▶ Task item: Excluding any images, copy all of the lines below precisely as written.

▶ Data shown:
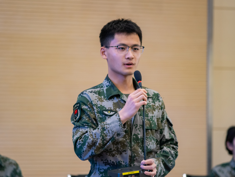 座談會上,隊員們回味著加入國護隊的初衷,感慨著在隊中成長的點滴,分享著出任務時的動人故事。他們中,有毅然加入國護隊、為隊伍添磚加瓦的退役大學生士兵,有歷經層層選拔、受過嚴格訓練的老隊員,也有用自己赤忱熱情、勤奮又井井有條的新隊員。對國旗的守護、對軍人的崇敬、對軍裝的向往將來自五湖四海的隊員們凝聚在一起,“沐朝露,伴夕陽”的升降旗儀式、“千錘萬擊”的隊列訓練培養了他們的集體榮譽感,“無懼風雨,并肩前行”的信念支撐著他們為南郵這個“家”撐起了一片天。每位隊員講話結束,在座師生們都致以真摯且熱烈的掌聲,隊歌《祖國不會忘記》的歌聲回蕩在會場,堅定亦激昂。
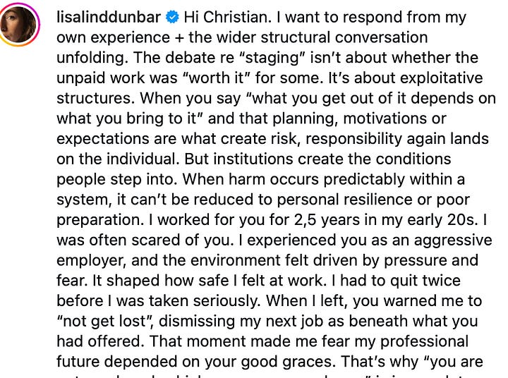 My last post on my experience working for free as a chef has, of course, met some criticism. Most notably, by the comment from my former employee, Lisa Dunbar.
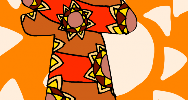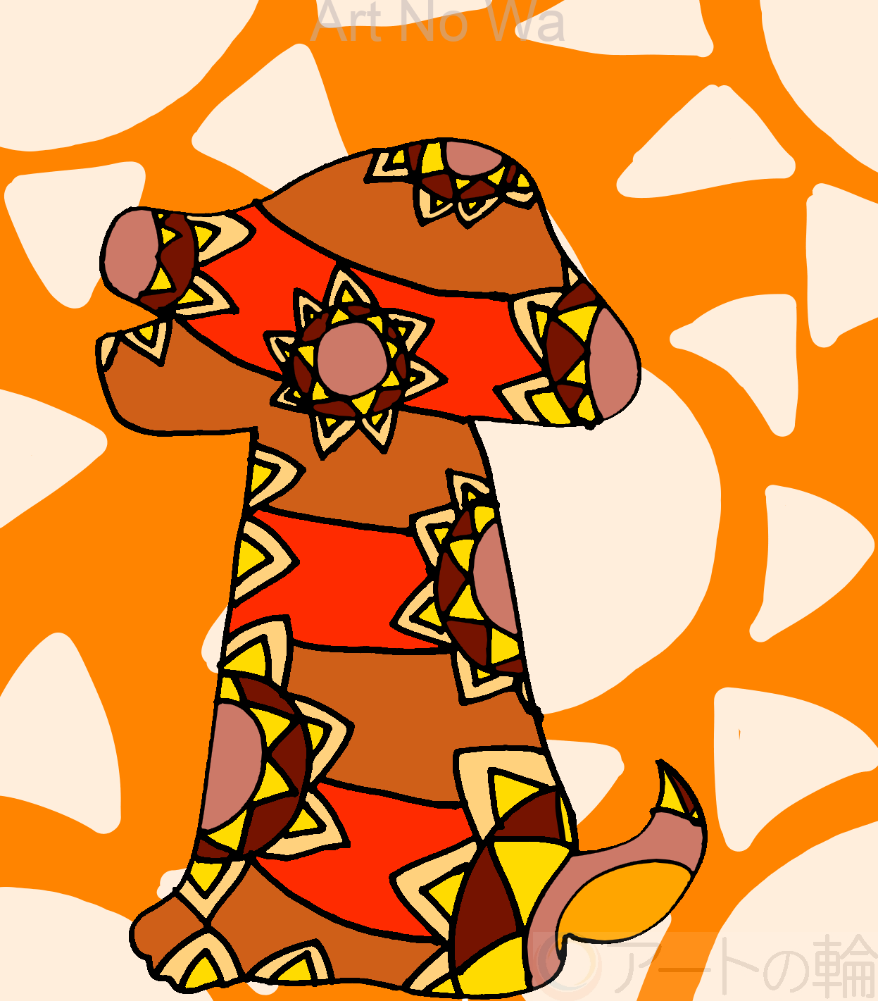 何かの強い意志を太陽に向かって吠えて訴えている犬を描いてみました。

▶ Task result:
 座談會上,隊員們回味著加入國護隊的初衷,感慨著在隊中成長的點滴,分享著出任務時的動人故事。他們中,有毅然加入國護隊、為隊伍添磚加瓦的退役大學生士兵,有歷經層層選拔、受過嚴格訓練的老隊員,也有用自己赤忱熱情、勤奮又井井有條的新隊員。對國旗的守護、對軍人的崇敬、對軍裝的向往將來自五湖四海的隊員們凝聚在一起,“沐朝露,伴夕陽”的升降旗儀式、“千錘萬擊”的隊列訓練培養了他們的集體榮譽感,“無懼風雨,并肩前行”的信念支撐著他們為南郵這個“家”撐起了一片天。每位隊員講話結束,在座師生們都致以真摯且熱烈的掌聲,隊歌《祖國不會忘記》的歌聲回蕩在會場,堅定亦激昂。
 My last post on my experience working for free as a chef has, of course, met some criticism. Most notably, by the comment from my former employee, Lisa Dunbar.
 何かの強い意志を太陽に向かって吠えて訴えている犬を描いてみました。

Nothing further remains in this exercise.